The Company believes that it is reasonably possible that $13 million of the net unrecognized tax benefits as at December 31, 2023 related to Canadian and U.S. federal, state, and provincial income tax matters, each of which are individually insignificant, may be recognized over the next twelve months as a result of settlements and a lapse of the applicable statute of limitations of which approximately half will affect the effective tax rate as the remaining amount relates to temporary differences.

The Company recognizes interest and penalties related to unrecognized tax benefits in Income tax expense in the Statements of Income.
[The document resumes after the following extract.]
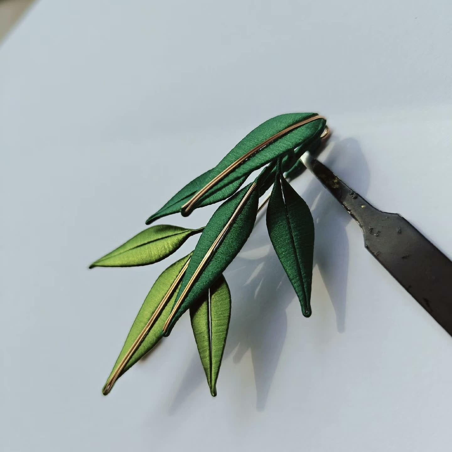 Bamboo Leaves Handmade Brooch - Silk Brooch(Chanhua)
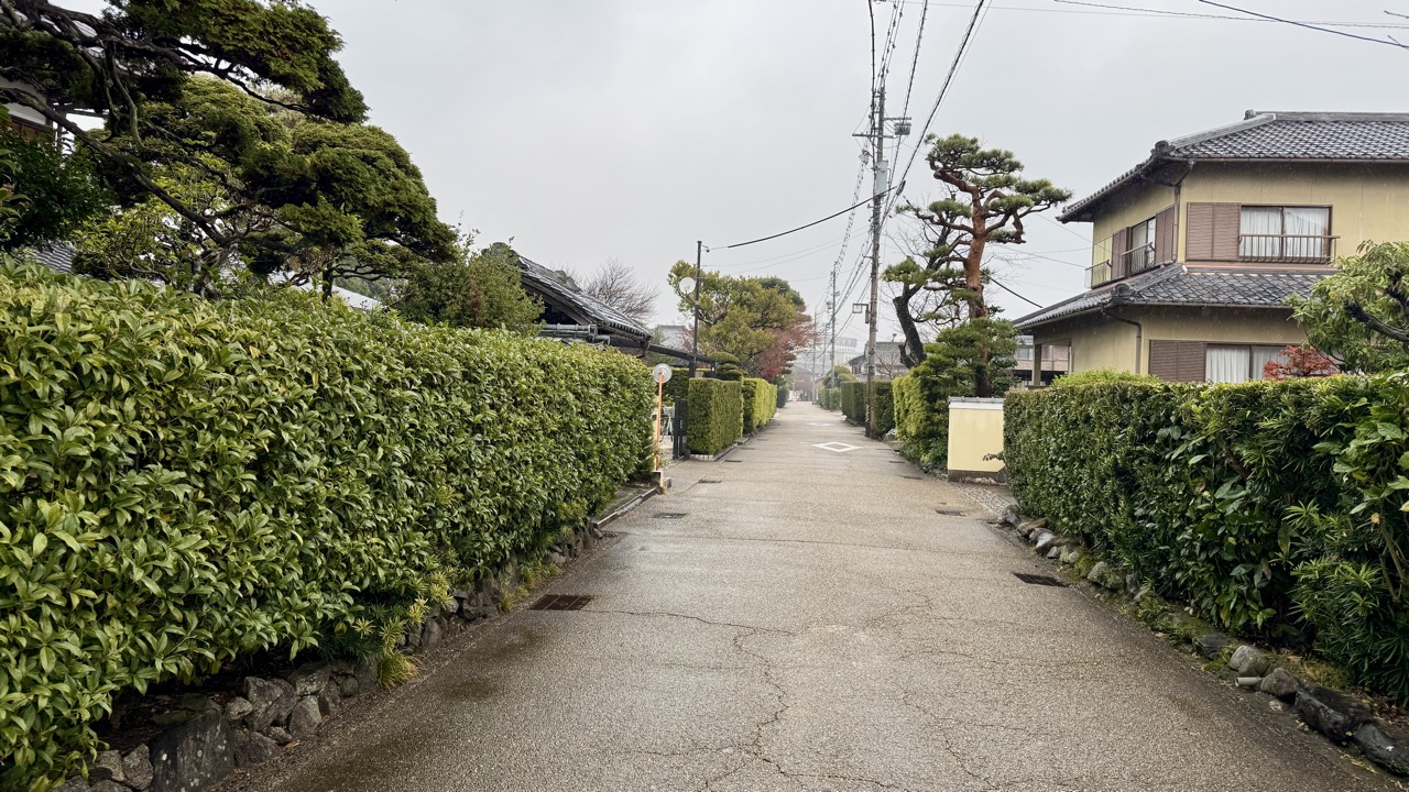 また、その近くにある江戸時代に同心(足軽階級の下級役人)が住んでいた旧同心町も走ってきました。こちらも生垣が手入れされていますが、建物が今風なので江戸時代の面影は薄いです。

The Company recorded a net tax expense of $1 million related to net interest and penalties expense for the year ended December 31, 2023 and net tax recoveries of $12 million and $2 million related to net reversals of interest and penalties for the years ended December 31, 2022 and 2021, respectively. As at December 31, 2023, the Company had accrued interest and penalties of $14 million (2022 -$13 million).

In Canada, the Company's federal and provincial income tax returns filed for the years 2018 to 2022 remain subject to examination by the taxation authorities. An examination of the Company's federal income tax returns for the year 2018 and 2019 is currently in progress and is expected to be completed during 2024. In 2020, the tax authorities proposed certain audit adjustments and, as a result, the Company recorded a $25 million deferred tax expense which is comprised of net unrecognized tax benefits and related interest expenses. During 2021 and 2022, the tax authorities finalized their audit adjustments related to certain tax positions and as a result, the Company re-evaluated the relevant tax positions for all open years and recorded deferred tax recoveries of $8 million and $13 million, respectively, reducing net unrecognized tax benefits and related interest expenses. In the U.S., the federal income tax returns filed for the years 2020 to 2022 and the state income tax returns filed for the years 2018 to 2022 remain subject to examination by the taxation authorities. The Company does not anticipate any significant impacts to its results of operations or financial position as a result of the final resolutions of such matters.